• Aug 14,2025

Companies Act Section 277

Companies Act, Section 277: Intimation to Company Liquidator, Provisional Liquidator, and Registrar, and Constitution of Winding Up Committee

Section 277 of the Companies Act, 2013 lays down a detailed procedure that must be followed after the Tribunal passes an order for the winding up of a company or for the appointment of a provisional liquidator. The section not only mandates timely communication of such orders to relevant authorities but also establishes a winding-up committee to assist in and monitor the liquidation process. It ensures a transparent, accountable, and coordinated approach during the course of winding up.

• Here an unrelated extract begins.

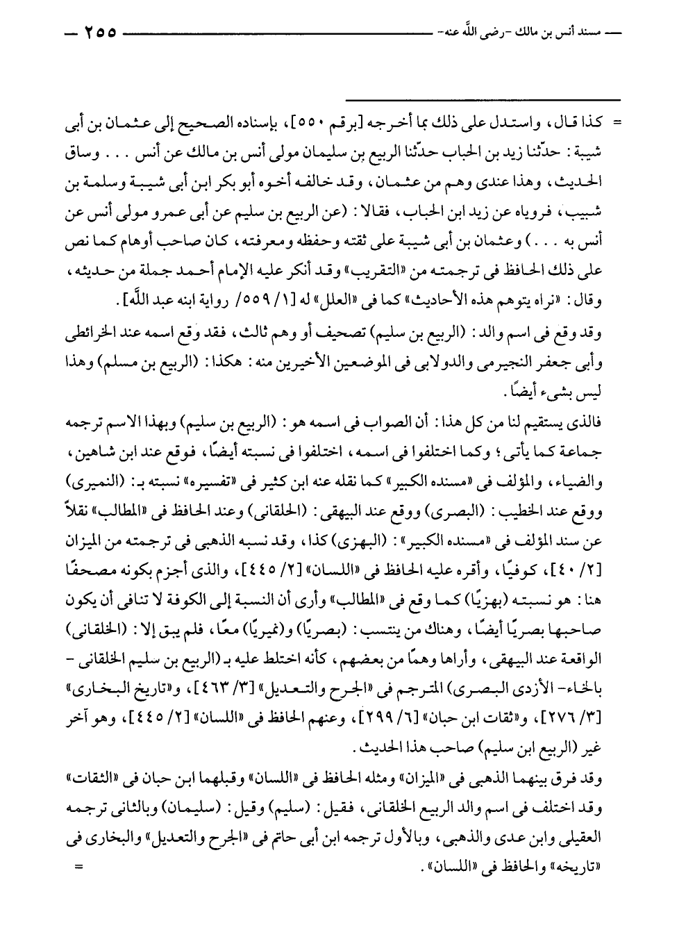 = كذا قال، واستدل على ذلك بما أخرجه [برقم ٥٥٠]، بإسناده الصحيح إلى عثمان بن أبى شيبة: حدّثنا زيد بن الحباب حدّثنا الربيع بن سليمان مولى أنس بن مالك عن أنس ... وساق الحديث، وهذا عندى وهم من عثمان، وقد خالفه أخوه أبو بكر بن أبى شيبة وسلمة بن شبيب، فروياه عن زيد بن الحباب، فقالا: (عن الربيع بن سليم عن أبى عمرو مولى أنس عن أنس به ... ) وعثمان بن أبى شيبة على ثقته وحفظه ومعرفته، كان صاحب أوهام كما نص على ذلك الحافظ في ترجمته من "التقريب" وقد أنكر عليه الإمام أحمد جملة من حديثه، وقال: "نراه يتوهم هذه الأحاديث" كما في "العلل" له [١/ ٥٥٩/ رواية ابنه عبد الله].

Sub-section (1): Notification of Appointment to Company Liquidator, Provisional Liquidator, and Registrar

Upon the Tribunal making an order for the:

Appointment of a Provisional Liquidator, or Winding up of a company, the Tribunal is obligated to send intimation of the said order to both:

The Company Liquidator or the Provisional Liquidator, as applicable, and The Registrar of Companies (ROC).
This communication must be carried out within a period not exceeding seven days from the date of passing such an order. This timeframe ensures that the liquidation process begins without unnecessary delay and that all involved authorities are duly informed of the developments.

Sub-section (2): Role of the Registrar Upon Receiving Intimation

Once the Registrar receives a copy of the Tribunal’s order either appointing a provisional liquidator or ordering the winding up of the company the Registrar must undertake the following steps:

Endorse the order in the official records relating to the company, thereby updating the company’s legal status in the official register.
Notify the order in the Official Gazette, providing public notice of the order and its implications.
In case the company is listed on a stock exchange, the Registrar is further required to inform the relevant stock exchange(s) where the securities of the company are listed, thereby ensuring full disclosure to investors and the market.
Sub-section (3): Legal Effect of Winding Up Order on Company Employees

The issuance of a winding up order is treated as a notice of discharge to all the officers, employees, and workmen of the company. This discharge is deemed to have occurred by operation of law unless the Tribunal orders the continuation of the company’s business, either in full or in part. This provision ensures clarity on the employment status of individuals post-winding up and aligns with the closure or continuation of operations.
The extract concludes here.